Introduction
This lab demonstrates how to precompute the k nearest neighbors before using them in KNeighborsClassifier. KNeighborsClassifier can compute the nearest neighbors internally, but precomputing them can have several benefits, such as finer parameter control, caching for multiple use, or custom implementations. Here we use the caching property of pipelines to cache the nearest neighbors graph between multiple fits of KNeighborsClassifier.
VM Tips
After the VM startup is done, click the top left corner to switch to the Notebook tab to access Jupyter Notebook for practice.
Sometimes, you may need to wait a few seconds for Jupyter Notebook to finish loading. The validation of operations cannot be automated because of limitations in Jupyter Notebook.
If you face issues during learning, feel free to ask Labby. Provide feedback after the session, and we will promptly resolve the problem for you.
Import Libraries
In this step, we will import all the necessary libraries.
from tempfile import TemporaryDirectory
import matplotlib.pyplot as plt
from sklearn.neighbors import KNeighborsTransformer, KNeighborsClassifier
from sklearn.model_selection import GridSearchCV
from sklearn.datasets import load_digits
from sklearn.pipeline import Pipeline
Load Data
In this step, we will load the digits dataset from scikit-learn.
X, y = load_digits(return_X_y=True)
n_neighbors_list = [1, 2, 3, 4, 5, 6, 7, 8, 9]
Compute Nearest Neighbors Graph
In this step, we will compute the nearest neighbors graph using KNeighborsTransformer.
## The transformer computes the nearest neighbors graph using the maximum number
## of neighbors necessary in the grid search. The classifier model filters the
## nearest neighbors graph as required by its own n_neighbors parameter.
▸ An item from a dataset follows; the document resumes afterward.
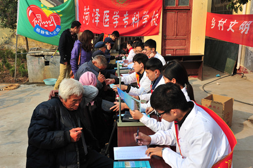 11月9日,菏泽医专组织15名大学生志愿者到牡丹区吕陵镇贾坊社区开展“乡村文明—志愿者在行动”免费健康查体活动,为贾坊社区的老百姓进行免费健康体检和科普知识宣讲,并为群众建立健康档案,充分展现了“奉献、友爱、互助、进步”的志愿服务精神,受到了广大群众的一致好评。

graph_model = KNeighborsTransformer(n_neighbors=max(n_neighbors_list), mode="distance")
Define Classifier Model
In this step, we will define the KNeighborsClassifier model.
classifier_model = KNeighborsClassifier(metric="precomputed")
Cache Nearest Neighbors Graph
In this step, we will cache the nearest neighbors graph between multiple fits of KNeighborsClassifier using the caching property of pipelines.
## Note that we give `memory` a directory to cache the graph computation
## that will be used several times when tuning the hyperparameters of the
## classifier.
with TemporaryDirectory(prefix="sklearn_graph_cache_") as tmpdir:
full_model = Pipeline(
steps=[("graph", graph_model), ("classifier", classifier_model)], memory=tmpdir
)
Tune Hyperparameters
In this step, we will tune the hyperparameters of the classifier using GridSearchCV.
param_grid = {"classifier__n_neighbors": n_neighbors_list}
grid_model = GridSearchCV(full_model, param_grid)
grid_model.fit(X, y)
Visualize Results
In this step, we will visualize the results of the grid search.
## Plot the results of the grid search.
fig, axes = plt.subplots(1, 2, figsize=(8, 4))
axes[0].errorbar(
x=n_neighbors_list,
y=grid_model.cv_results_["mean_test_score"],
yerr=grid_model.cv_results_["std_test_score"],
)
axes[0].set(xlabel="n_neighbors", title="Classification accuracy")
axes[1].errorbar(
x=n_neighbors_list,
y=grid_model.cv_results_["mean_fit_time"],
yerr=grid_model.cv_results_["std_fit_time"],
color="r",
)
axes[1].set(xlabel="n_neighbors", title="Fit time (with caching)")
fig.tight_layout()
plt.show()
Summary
In this lab, we have learned how to precompute the k nearest neighbors before using them in KNeighborsClassifier using the caching property of pipelines. We have also learned how to tune the hyperparameters of the classifier using GridSearchCV and visualize the results.